── Data to examine ──

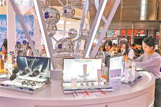 中国美容博览会上的珀莱雅展位 视觉中国供图
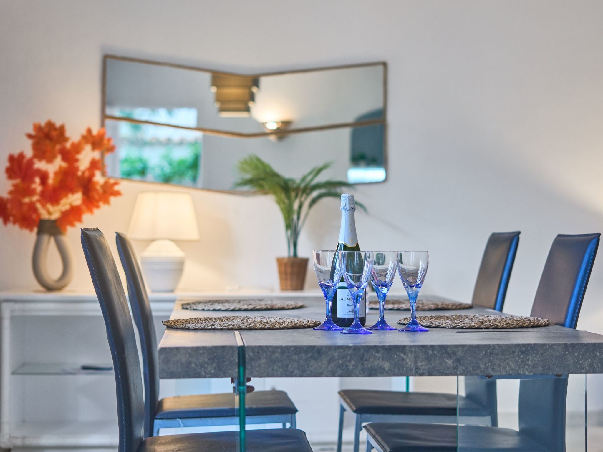 Charming Ibiza-style house with two bedrooms for rent in an ideal location in a beautiful and quiet area of Cala D'Or, just 300 metres from the sandy beach of Cala D'Or. The centre of Cala D'Or with leisure areas, restaurants and shops is within easy walking distance. The marina of Cala D'Or with restaurants and cafés is 800 metres away.
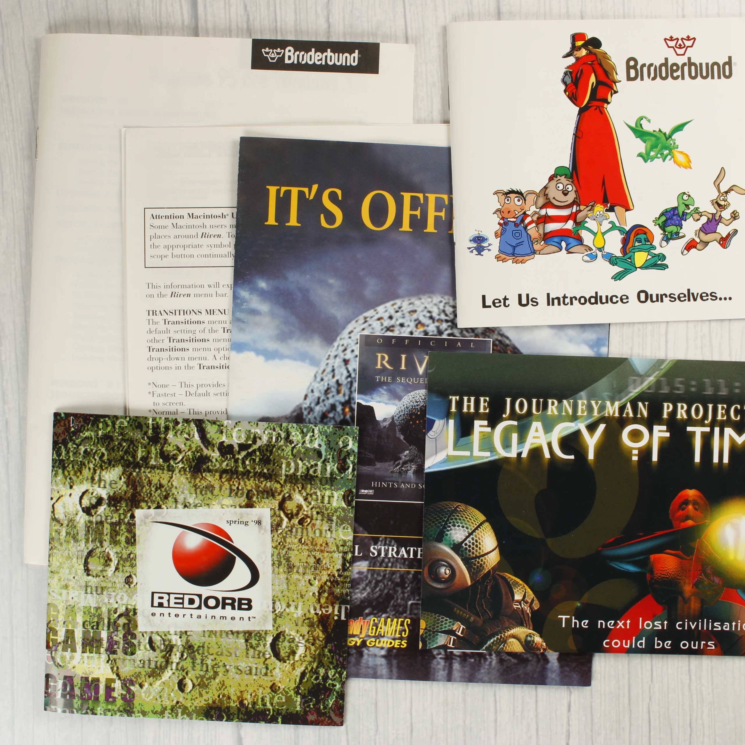 Riven: The Sequel to Myst videójáték PC és Mac platformra. 5 lemezes kiadás eredeti dobozban, kézikönyvvel és mellékletekkel.
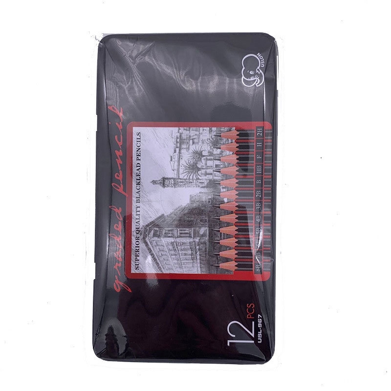 2H-8B 12pcs Graphite pencil set Metal box Professional sketch pencils set Pre-sharpened Art School supplies Stationery
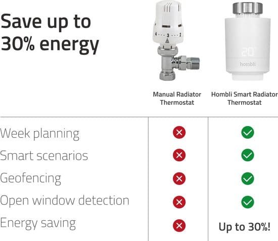 Door de Bluetooth Low Energy technologie gaan de twee meegeleverde AA-batterijen tot wel anderhalf jaar mee. Doordat de radiatorknoppen via de Hombli Bluetooth Bridge aan het internet zijn verbonden kun je ze altijd en overal via de Hombli app aansturen.

───

_Task directions_:
Leaving all pictures aside, quote each record exactly.

_Task answer_:
 中国美容博览会上的珀莱雅展位 视觉中国供图
 Charming Ibiza-style house with two bedrooms for rent in an ideal location in a beautiful and quiet area of Cala D'Or, just 300 metres from the sandy beach of Cala D'Or. The centre of Cala D'Or with leisure areas, restaurants and shops is within easy walking distance. The marina of Cala D'Or with restaurants and cafés is 800 metres away.
 Riven: The Sequel to Myst videójáték PC és Mac platformra. 5 lemezes kiadás eredeti dobozban, kézikönyvvel és mellékletekkel.
 2H-8B 12pcs Graphite pencil set Metal box Professional sketch pencils set Pre-sharpened Art School supplies Stationery
 Door de Bluetooth Low Energy technologie gaan de twee meegeleverde AA-batterijen tot wel anderhalf jaar mee. Doordat de radiatorknoppen via de Hombli Bluetooth Bridge aan het internet zijn verbonden kun je ze altijd en overal via de Hombli app aansturen.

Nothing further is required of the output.